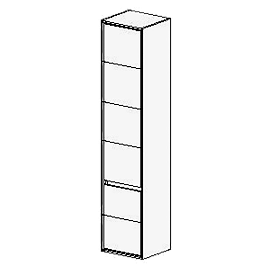 L:37, H:170, P:33,7 cm, 2 Türen, Band links, mit Griffleiste, 4 Tablare verstellbar, Sichtseiten Weiss Hochglanz, Fronten Modern,
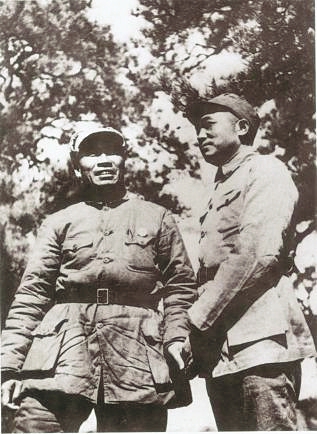 图7 八路军总司令朱德(左)、副总司令彭德怀(右)在山西武乡县八路军总部驻地。
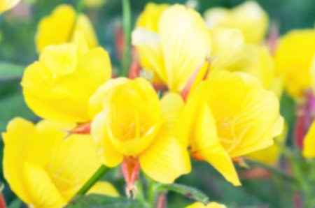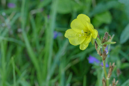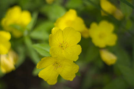 Common Evening Primrose (Oenothera biennis) in garden. Yellow small garden flowers. Small field flowers as a background for postcards, greetings, paintings.
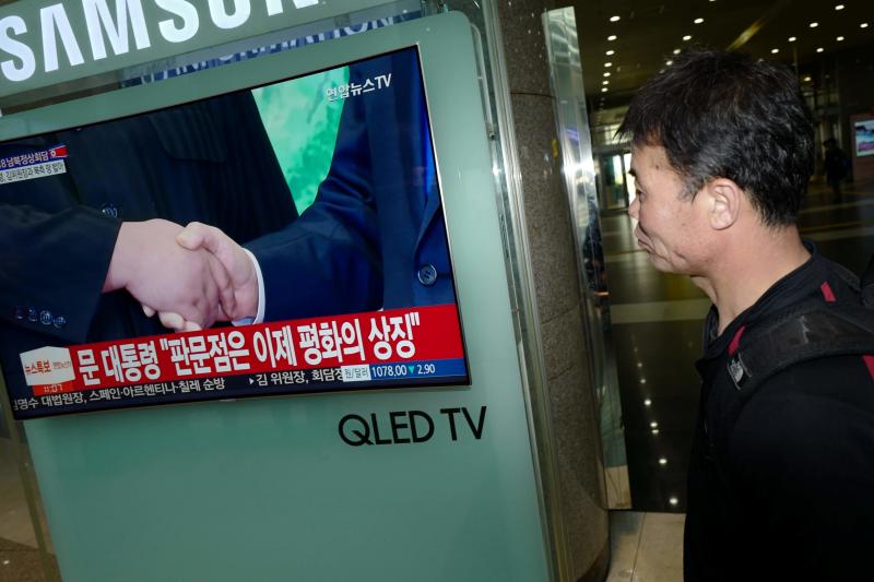 A public screen shows news coverage of South Korea's President Moon Jae In and North Korean leader Kim Jong Un shaking hands during their inter-Korean summit meeting, at a railway station in Seoul on April 27, 2018.
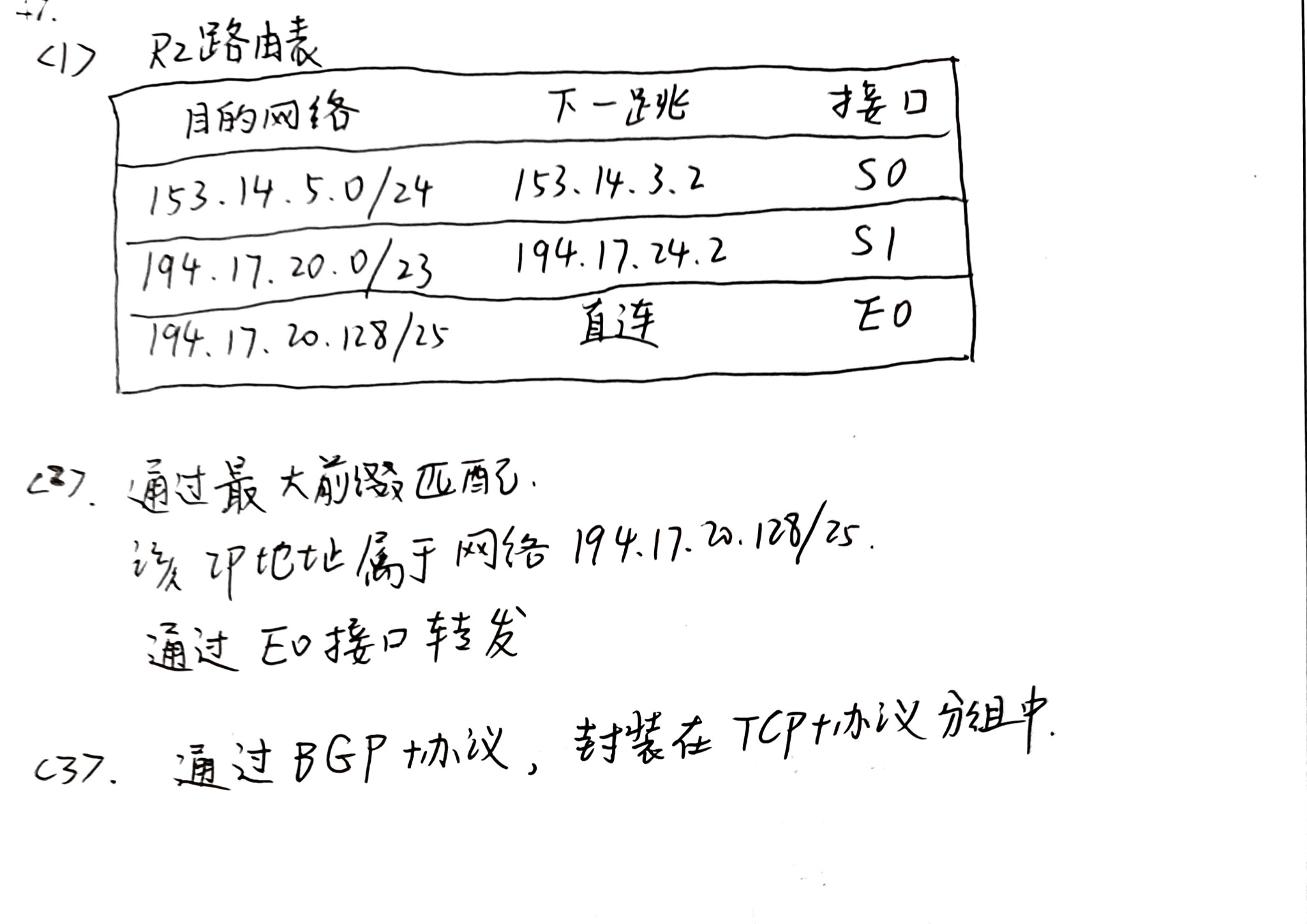 学生正确回答使用BGP协议交换路由信息,并正确指出封装在TCP协议中。答案完全正确,得2分。

* * * * * * * * *

#### [REQUIRED ACTION]
Please print the entries shown above again, exactly, and skip the pictures.

#### [SOLUTION TO THIS TASK]
 L:37, H:170, P:33,7 cm, 2 Türen, Band links, mit Griffleiste, 4 Tablare verstellbar, Sichtseiten Weiss Hochglanz, Fronten Modern,
 图7 八路军总司令朱德(左)、副总司令彭德怀(右)在山西武乡县八路军总部驻地。
 Common Evening Primrose (Oenothera biennis) in garden. Yellow small garden flowers. Small field flowers as a background for postcards, greetings, paintings.
 A public screen shows news coverage of South Korea's President Moon Jae In and North Korean leader Kim Jong Un shaking hands during their inter-Korean summit meeting, at a railway station in Seoul on April 27, 2018.
 学生正确回答使用BGP协议交换路由信息,并正确指出封装在TCP协议中。答案完全正确,得2分。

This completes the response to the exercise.